On the opposite side, if mutation were not included, the algorithm would get stuck in local maxima. In other words, only chromosomes that were in the range of the first population could be seen in the any cycle's population.

* **Question #4: In your opinion, what can be done to enable the algorithm to find solutions faster?**  
In this particular instance, because the domain of $p(x)$ is $\mathbb{Z}$, for chromosome $ch=(g_0, g_1, \dots, g_d)$ we know the impact of $g_i$ is more than the impact of $g_{i-1}$ for $i=1,2,\dots,d$. Therefore, it could be a good idea to implement this factor in $Pr_{mutation}$ and also in the crossover function. For instance, if the the evaluation function is less than a particular number, then crossovering should happen from a gene with more impact.

* **Question #5: Despite all the effort, it is still possible for chromosomes to stay unchanged after some cycles. Why is it possible and what problems it will cause? What suggestions do you have to resolve this issue?**  
If the population is stuck in a local maximum and $Pr_{mutation}$ is not high enough to change the direction of the population very fast, the aforementioned circumstance will appear. The result of this incident is simply the fact that reaching the goal chromosome would *seem impossible*. Based on the reason mutation is defined in genetic algorithms, to resolve this issue, it is suggested to increase $Pr_{mutation}$ to a value that gives more chance to *exploration* of new chromosomes. Also, with bigger or more diverse sample size, the chance of getting into local maxima would decrease since their corresponding chromosomes would be fewer.

* **Question #6: What do you suggest for algorithm finishing due to the assumption that the problem does not have a solution?**  
In my implementation, there exists a function called `is_absolute_solution_found`. One way to finish the algorithm in these cases by changing this function to being true when the evaluation is *good enough* rather than being the maximum value possible.  
Another approach is keeping a value that corresponds how much the population got changed during the last cycle. If this value converged on a number after some cycles, then the algorithm would terminate itself.

* **Question #7: When the degree of the polynomial increases, how it affects time complexity?**  
As it was mentioned in Section 5, the time complexity of this algorithm is $O(N_{cycles}m(nd+m))$. Therefore, by the increase in $d$, the time complexity would increase linearly.
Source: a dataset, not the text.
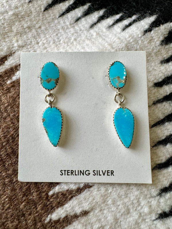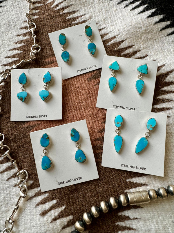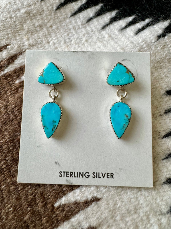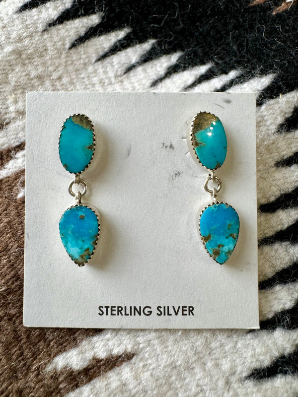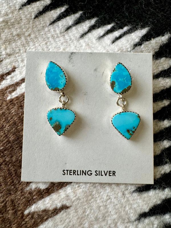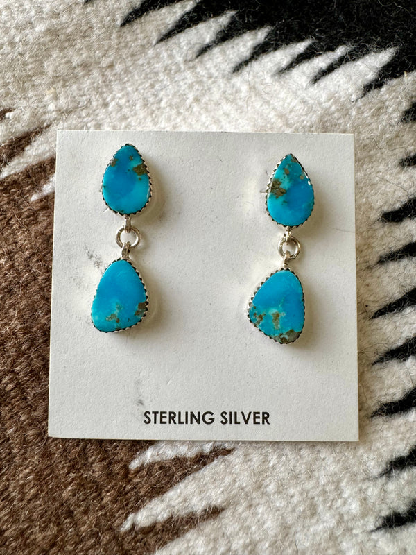 Sterling Silver Double Stacked Turquoise Dangle Earrings

* **Question #8: In your opinion, how enlarging or reducing the size of sample can have impact on algorithm's execuation?**  
A large sample size would result in a more precise evaluation measure, which literally causes better evaluation of each chromosome. Also, a more precise evaluation measure, can belittle the chance that the algorithm gets stuck in a local maximum. However, the trade-off is by increasing the size of sample, the time complexity of `evaluation_function` will increase.

## Conclusion

Hitherto the class `GeneticAlgorithm` was designed to satisfy any problem that could be implemented as a genetic algorithm. Also, an instantiation of it was run to approximately solve *Curve Fitting Problem*. On this way, issues such as time and space complexity were discussed explicitly, alongside the answer to the eight questions attached to the assignment.  
Even though the goal of this assignment was probably just to give students an educational view to genetic algorithms, it did also provide a valuable package that could be used in the future.